[Relax] Fix a bug that occurred due to shape inference not handling static dim vs symbolic dim
Summary
This PR fixes https://github.com/apache/tvm/issues/17964 that occurs through the following process:
- The Compress node produces a symbolic dimension "num_nonzero"
- The
relax.op.add()in the BiasGelu node adds shape=[2, num_nonzero] and shape=[3] - The current binary shape inference does not take into account
static vs symbolicdimension cases and produces "None" shape, which leads to the error.
Changes
- Add comments on each case
- Add support for comparing static and symbolic dimensions in shape inference
Notes
The current binary shape inference takes into account the following cases
| Case | Example | expected output dim |
|---|---|---|
| static dim(1) | (2, 3) + (1, 3) | (2, 3) |
| equal static dims | (2, 3) + (2, 3) | (2, 3) |
| equal symbolic dims | (n, m) + (n, m) | (n, m) |
However, it does not take into account the following cases
| Case | Example | expected output dim |
|---|---|---|
| static dim vs symbolic dim | (2, 3) + (2, n) | (2, 3) because the 2nd dim must be the static dim(3) regardless of the symbolic dim(n) |
| different symbolic dims | (2, n) + (2, m) | (2, n) or (2, m) because the output dim cannot be determined at compile time |
The static dim vs symbolic dim case can be determined at compile time.
I disagree with the premise that (2, 3) + (2, n) can be statically inferred to have the shape (2, 3). The validity of this operation depends on the runtime value of n.
Specifically:
- If
n=1orn=3, the operation is valid due to broadcasting, and the output shape is indeed(2, 3). - If
nis any other value, the shapes are incompatible, and the operation should raise a runtime error.

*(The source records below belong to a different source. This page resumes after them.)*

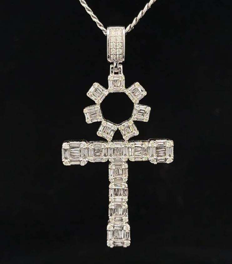 925 Sterling Silver Rhodium Finition 14K Or Blanc Moissanite Diamant Ankh Pendentif Hommes Femmes Mode Bijoux Alliage pour
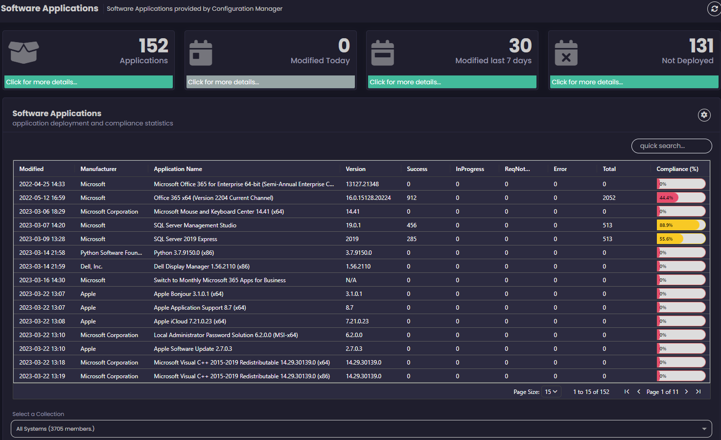 This dashboard shows details for all Applications defined in the Configuration Manager console.
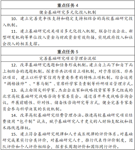 (一)加强顶层设计。组建北京高校基础研究战略咨询专家委员会,加强基础研究顶层设计和统筹协调,研判基础研究发展趋势、凝练基础研究重大需求,在推进重大工作部署中发挥战略咨询作用。深化部门间协同机制,加强市级相关部门统筹协调,精准协同推动各项任务实施。
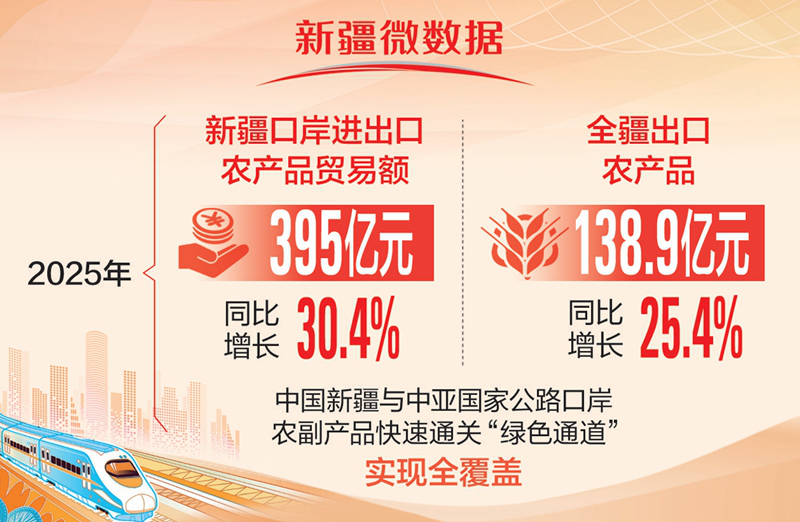 2025年,乌鲁木齐海关相继出台《乌鲁木齐海关进一步优化口岸营商环境 推动新疆高水平开发开放二十项举措》《乌鲁木齐海关支持农食产品出口三年专项行动十二项举措》以及实施“帮扶南疆地区农食产品出口”专项行动等务实举措,助力新疆优质特色产品“走出去”。

To handle this correctly, we need a mechanism for runtime shape validation. I suggest the following steps:
- Assume the valid shape: For this specific operation, we can tentatively define the output shape as
(2, 3)(as this pull request does), since it's the only possible shape for a valid operation. - Insert a runtime check: We MUST add an assertion to the model to verify at runtime that
nis either 1 or 3. - (Optional) Hoist the checks: We could write an optimization pass to lift all such runtime assertions to the beginning of the model and potentially combine them for efficiency.
cc @tqchen
@Hzfengsy Thanks for your feedback.
I'll review the mechanism you proposed, try to implement it, and get back to you.
I inspected operator implementations in the source code and couldn't find any precedent for asserting or validating dynamic tensors and raising a runtime error. I’m afraid I won’t be able to implement your suggestion until such a precedent exists given my currently limited experience with TVM. I'll try to implement it in the future.